### Work to complete
Using the data below, set down every line from the one containing "预设正好对应定频 / 分频模式,结果如下" through the one containing "Dva stříbrné kovové", inclusive and unchanged. Pictures are to be skipped.

Source data
━━━━━━━━━━━━━━━━━━━━

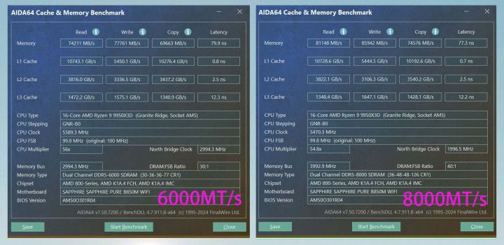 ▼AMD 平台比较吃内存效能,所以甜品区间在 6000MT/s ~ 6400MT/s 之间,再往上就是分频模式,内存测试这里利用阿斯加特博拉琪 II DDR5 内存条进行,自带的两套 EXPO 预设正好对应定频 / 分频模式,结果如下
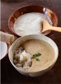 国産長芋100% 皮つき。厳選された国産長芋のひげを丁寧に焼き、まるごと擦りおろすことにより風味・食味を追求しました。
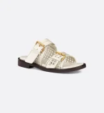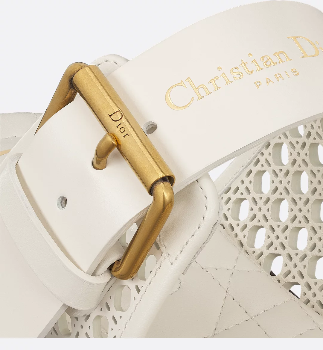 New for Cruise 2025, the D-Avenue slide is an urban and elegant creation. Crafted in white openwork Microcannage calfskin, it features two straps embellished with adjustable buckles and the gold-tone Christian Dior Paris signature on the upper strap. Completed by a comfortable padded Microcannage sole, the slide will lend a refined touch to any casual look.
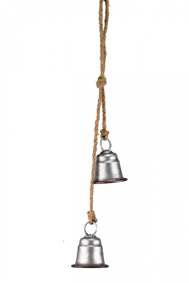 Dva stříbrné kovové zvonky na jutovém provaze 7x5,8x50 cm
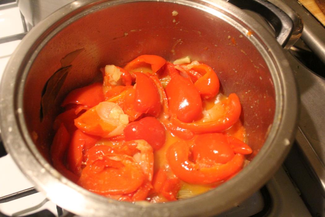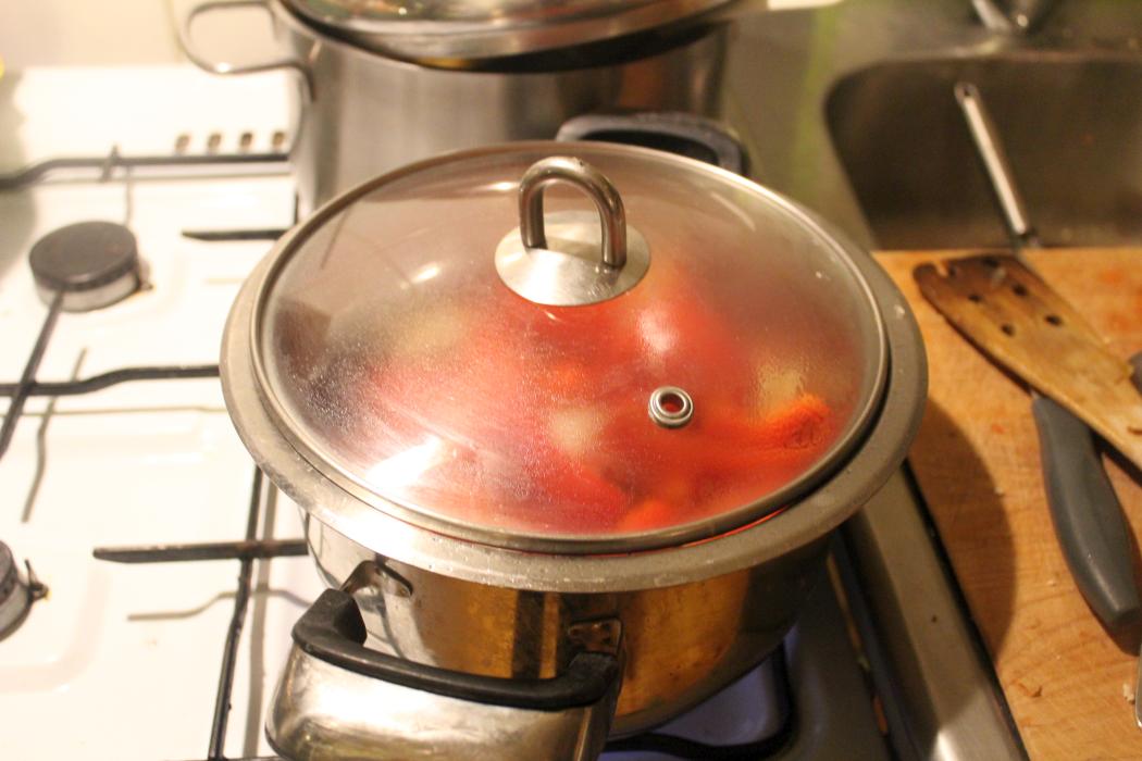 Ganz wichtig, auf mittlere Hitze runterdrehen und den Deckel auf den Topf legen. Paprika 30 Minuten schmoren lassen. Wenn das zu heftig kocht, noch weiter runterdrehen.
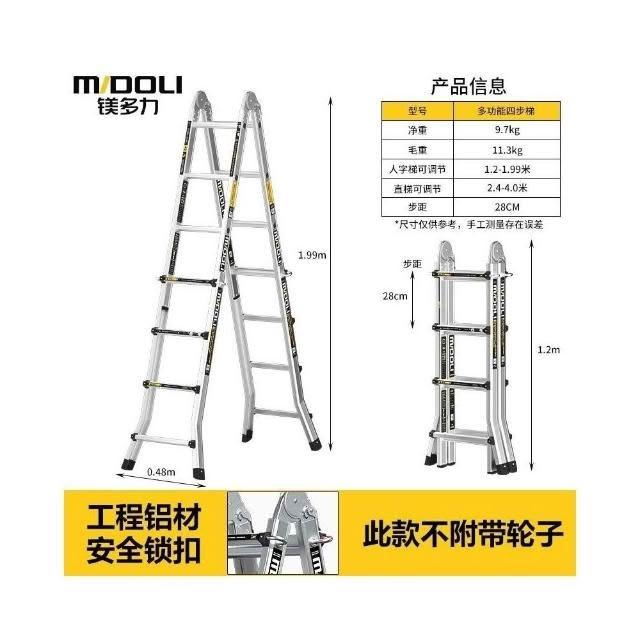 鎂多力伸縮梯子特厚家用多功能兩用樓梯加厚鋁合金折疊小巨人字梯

━━━━━━━━━━━━━━━━━━━━

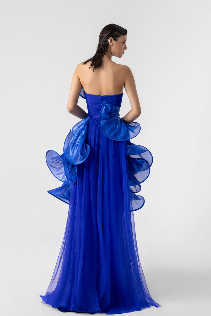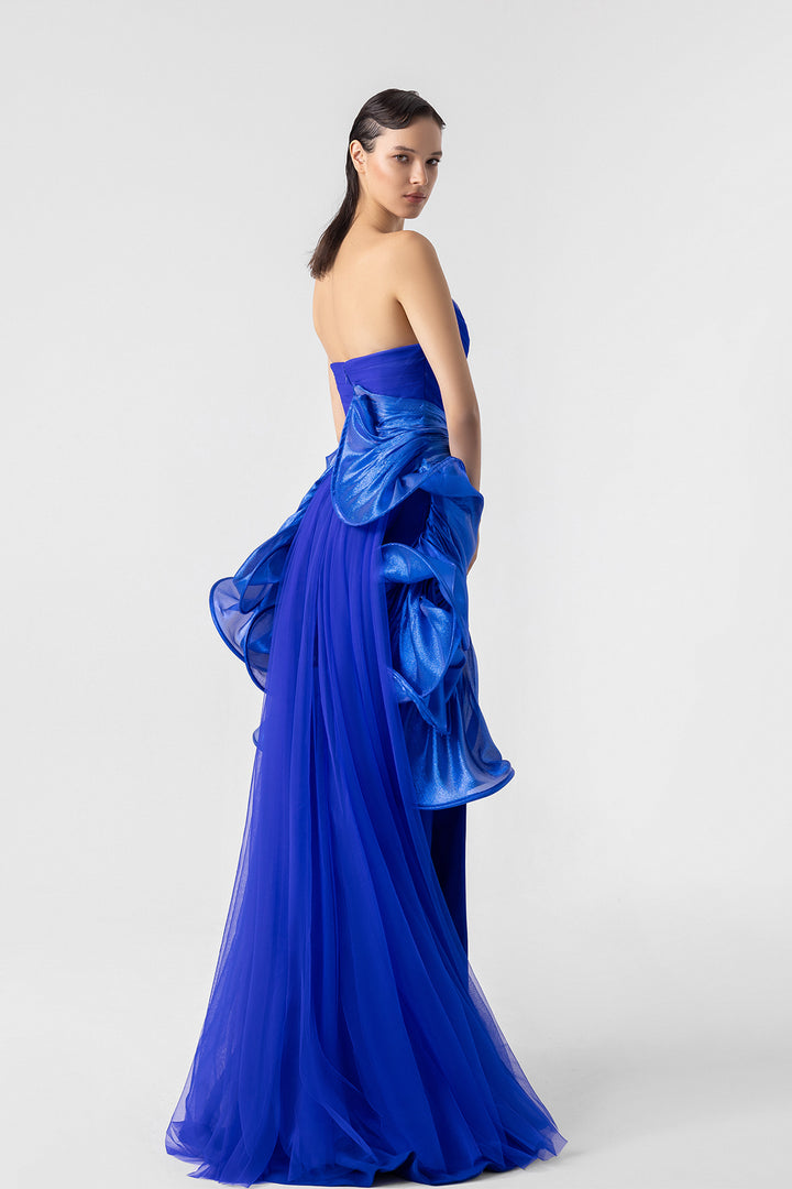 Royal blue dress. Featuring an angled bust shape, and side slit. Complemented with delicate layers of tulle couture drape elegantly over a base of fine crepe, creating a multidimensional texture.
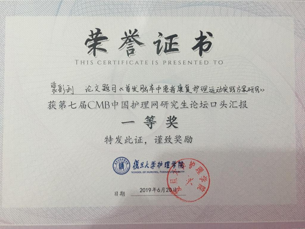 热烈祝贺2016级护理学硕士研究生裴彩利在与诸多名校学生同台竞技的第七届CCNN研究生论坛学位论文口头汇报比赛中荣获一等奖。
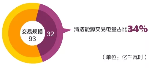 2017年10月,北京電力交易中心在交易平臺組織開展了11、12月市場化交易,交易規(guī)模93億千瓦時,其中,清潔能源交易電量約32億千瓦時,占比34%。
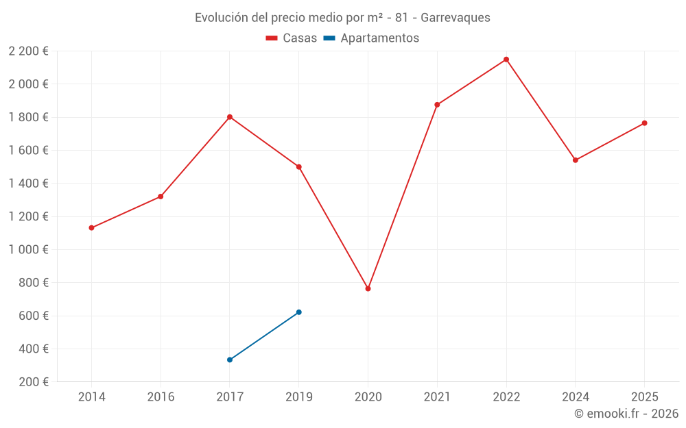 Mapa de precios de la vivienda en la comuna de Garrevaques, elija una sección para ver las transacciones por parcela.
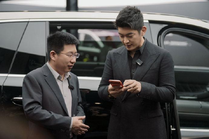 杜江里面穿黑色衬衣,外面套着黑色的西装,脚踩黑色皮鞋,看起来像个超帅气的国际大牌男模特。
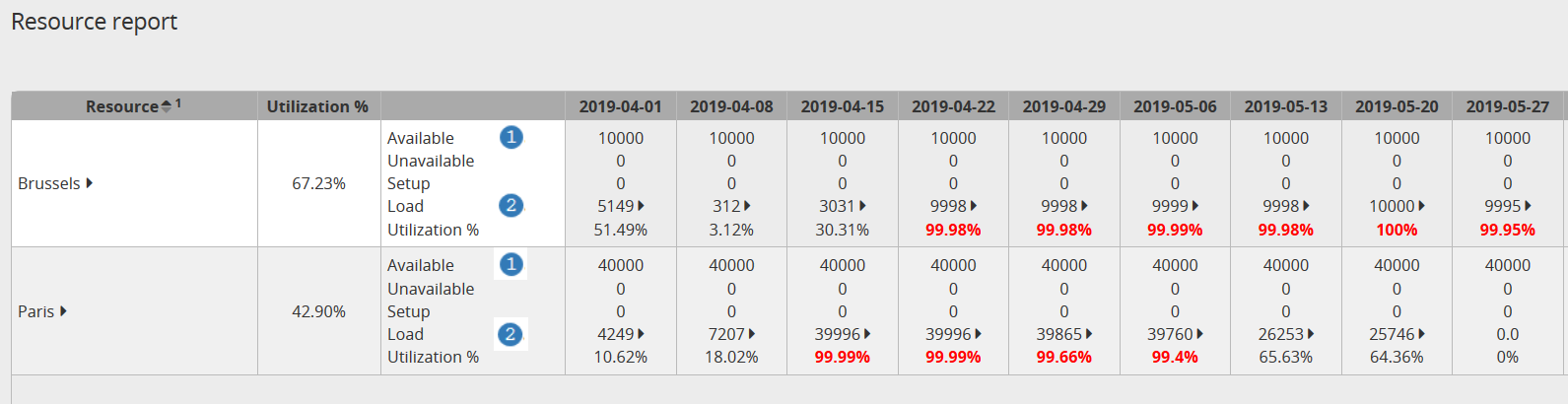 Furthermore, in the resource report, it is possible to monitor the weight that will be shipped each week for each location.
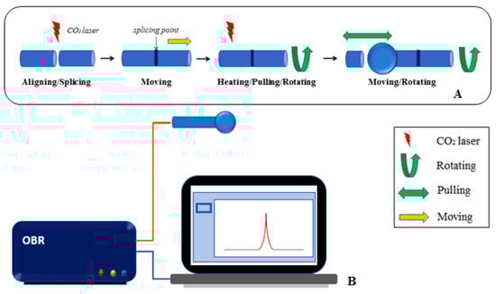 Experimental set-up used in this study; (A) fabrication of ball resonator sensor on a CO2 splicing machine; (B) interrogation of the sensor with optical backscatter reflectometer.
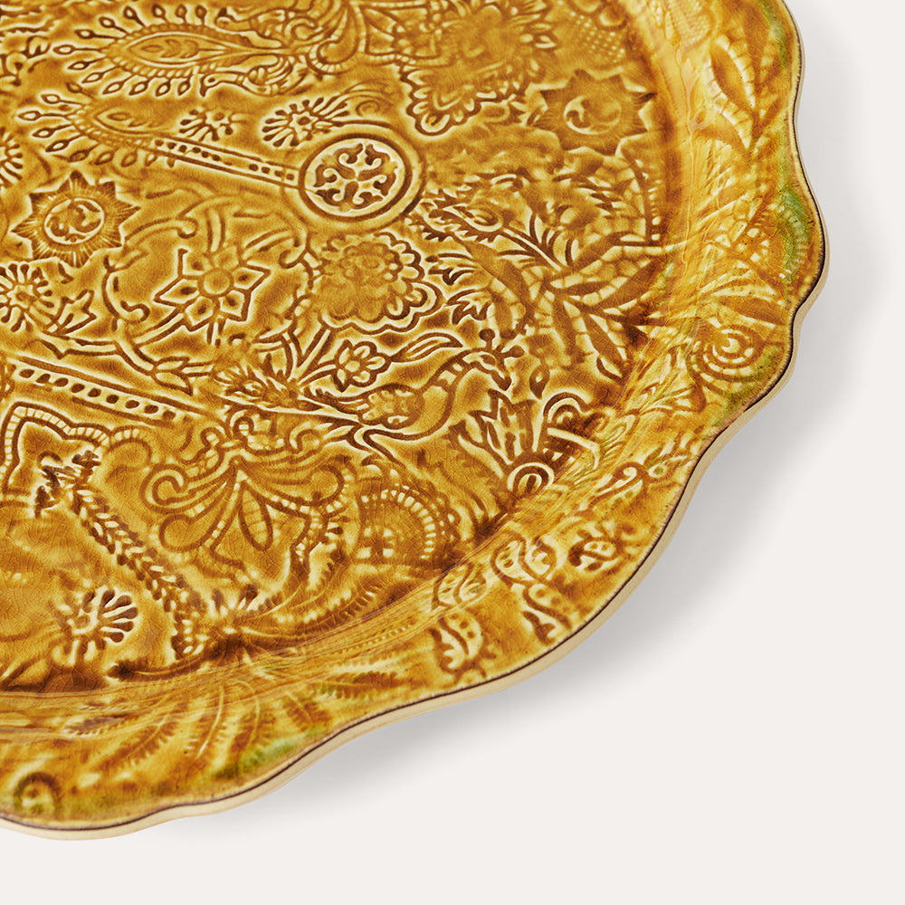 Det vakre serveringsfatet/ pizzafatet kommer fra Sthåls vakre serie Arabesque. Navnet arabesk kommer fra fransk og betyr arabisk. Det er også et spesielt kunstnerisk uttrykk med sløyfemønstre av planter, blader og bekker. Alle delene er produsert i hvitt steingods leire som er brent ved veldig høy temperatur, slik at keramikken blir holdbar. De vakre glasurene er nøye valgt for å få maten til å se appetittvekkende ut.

━━━━━━━━━━━━━━━━━━━━

### Output for this exercise
 ▼AMD 平台比较吃内存效能,所以甜品区间在 6000MT/s ~ 6400MT/s 之间,再往上就是分频模式,内存测试这里利用阿斯加特博拉琪 II DDR5 内存条进行,自带的两套 EXPO 预设正好对应定频 / 分频模式,结果如下
 国産長芋100% 皮つき。厳選された国産長芋のひげを丁寧に焼き、まるごと擦りおろすことにより風味・食味を追求しました。
 New for Cruise 2025, the D-Avenue slide is an urban and elegant creation. Crafted in white openwork Microcannage calfskin, it features two straps embellished with adjustable buckles and the gold-tone Christian Dior Paris signature on the upper strap. Completed by a comfortable padded Microcannage sole, the slide will lend a refined touch to any casual look.
 Dva stříbrné kovové zvonky na jutovém provaze 7x5,8x50 cm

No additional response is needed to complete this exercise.